[Hyperhomocysteinemia, oxidative stress and microinflammation in chronic renal failure: their roles in atherogene]
- PMID: 15130417
[Hyperhomocysteinemia, oxidative stress and microinflammation in chronic renal failure: their roles in atherogene]
Abstract
Objective: To investigate the relationship between hyperhomocysteinemia, oxidative stress and microinflammation in patients with chronic renal failure (CRF), and its role in the pathogenesis of atherosclerosis seen in these patients.
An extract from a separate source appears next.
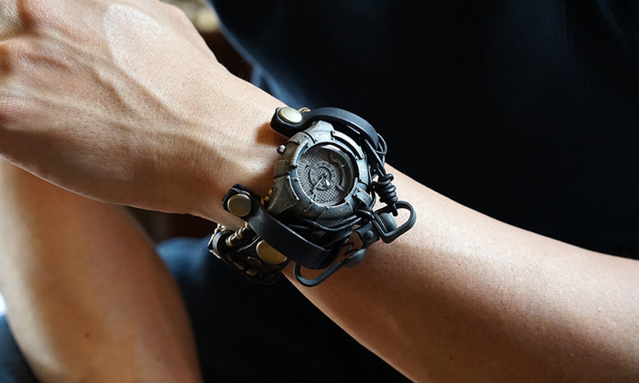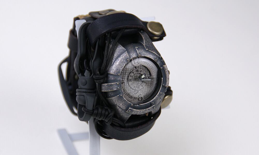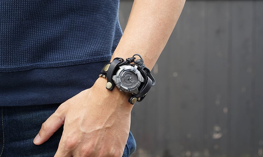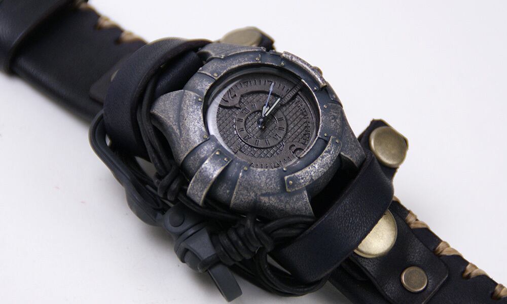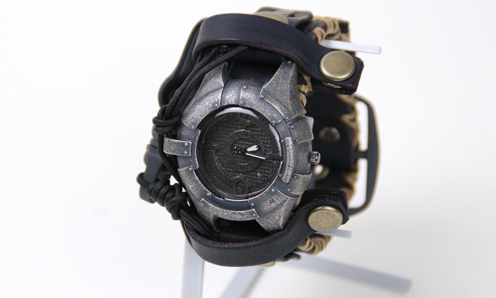金属板を打ち付けたような取り外し可能な本体に、贅沢に革を使用した重厚な革の手縫いのバングルベルトをつけた、見たこともないような腕時計。

Methods: One hundred and fourteen CRF patients and 37 healthy volunteers were involved in the study. The levels of plasma total homocysteine (tHcy) were determined by fluorescence polarization immunoassay. Plasma malondialdehyde (MDA) levels were analyzed by thiobarbituric acid reaction. The activity of glutathione peroxidase (GSHPx) in plasma was measured by spectrophotometry. Serum C-reactive protein (CRP), interleukin (IL)-6 and tumor necrosis factor (TNF)alpha were determined by ELISA. Intima-medial thickness (IMT) of extracranial common carotid artery and the presence of atherosclerotic plaques was determined by using noninvasive high-resolution B-mode ultrasonography.
Results: Levels of tHcy, MDA, CRP and TNFalpha in the non-dialysis CRF patients were significantly higher than those in the healthy controls and increased with the progression of renal insufficiency, while plasma activity of GSHPx decreased progressively with decline of renal function. Compared with the pre-dialysis patients, hemodialysis patients exhibited higher levels of tHcy, MDA, CRP, IL-6 and TNFalpha, and lower levels of GSHPx activity. There were no significant difference in the levels of tHcy, MDA, CRP, IL-6, TNFalpha, and GSHPx activity between patients dialyzed with hemophan, polysulfone and cellulose triacetate membrane. Prevalence of atherosclerotic plaque and increased IMT in carotid artery were significantly higher in CRF patients compared with the age-matched controls and associated with the levels of tHcy, MDA and CRP. Multivariate stepwise regressive analysis showed that increased IMT in CRF patients was closely related to the levels of tHcy, MDA, CRP, blood glucose, and very low density lipoproteins (R(2) = 0.572, P < 0.001). The factors associated with plasma MDA (representing lipid peroxidation level) were GSHPx activity (standard regressive coefficient, beta = -0.651, P < 0.01), tHcy level (beta = 0.229, P < 0.01), and serum creatinine (beta = 0.163, P < 0.05). The factors associated with serum CRP (representing microinflammation state) were IL-6 (beta = 0.532, P < 0.01), TNFalpha (beta = 0.212, P < 0.01), MDA (beta = 0.209, P < 0.05), and plasma albumin (beta = -0.297, P < 0.05).
Conclusion: Hyperhomocysteinemia in CRF patients may accelerate oxidative stress, and lipid peroxidation may be involved in the occurrence of microinflammation state. The complex interaction between hyperhomocysteinemia, oxidative stress and microinflammation may result in accelerated atherosclerosis seen in CRF.